Today, Hinkle is resigned to his fate. “People may not remember the name Lon Hinkle,” he says, “but they know the Hinkle Tree. I don’t really want to be remembered because of a tree, but I guess it could be worse.”
Hinkle lives in Bigfork, Mont., and teaches golf at nearby Eagle Bend Golf Club. He hopes to join the Jim McLean Golf School in La Quinta, Calif., for the winter season.
Always a big hitter, Hinkle won the World Long Drive Championship in 1981. Does he still hit it long?
“I still give it a ride,” he says. “I was playing with (talk show host) Maury Povich the other day. We were on a 380-yard hole, and I hit my drive pretty good.
“I said to Maury, ‘Yeah, I hit it a little bit in the neck, but it’ll do.’ I ended up 43 steps from the hole.”
The memories, if not the distance, tend to fade away. Lon Hinkle has become a name associated mostly with a tree.
When Hinkle tried recently to obtain a complimentary set of clubs from a major manufacturer, he was turned down. He even offered to publicize the brand, but it didn’t make any difference.
So he went to a golf shop and bought a set. “I’ve got the bug again,” he said. “I really want to be deeply involved in golf.”
**David Fay's Golf Digest interview from 2002 features his place in the Hinkle tree story.
Your first U.S. Open working for the USGA involved a famous incident with the planting of the Hinkle Tree at Inverness [near the eighth tee after the first round in 1979], to prevent Lon Hinkle and others from using an adjacent fairway. What was your involvement?

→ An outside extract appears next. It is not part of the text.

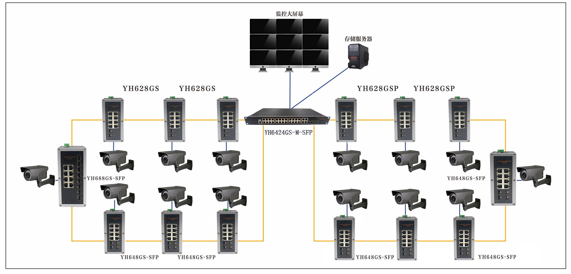 宇航道路交通檢測系統(tǒng)解決方案: 采用YH6424GS-M-SFP,YH688GS-SFP,YH628GSP,YH648GS-SFP系統(tǒng)抓拍的點全YH628GS-SFP形成環(huán)網(wǎng),直接在中心房采用千兆工業(yè)交換機進行數(shù)據(jù)匯聚。保障各個監(jiān)控點監(jiān)控到位,與正常通信提高網(wǎng)絡數(shù)據(jù)傳輸?shù)母咝浴?/p>

I had to buy it. No, I take that back. I had to pay for it.
How much?
A hundred and twenty dollars. Still have the receipt somewhere. Picture this: It's 5 a.m. on Friday morning, and Bob Yoder [greens chairman] from Inverness walks in with a big smile, and he drops the receipt down on my desk for a pretty mangy looking black-hill spruce. I thought it was a joke -- some kind of rookie hazing thing.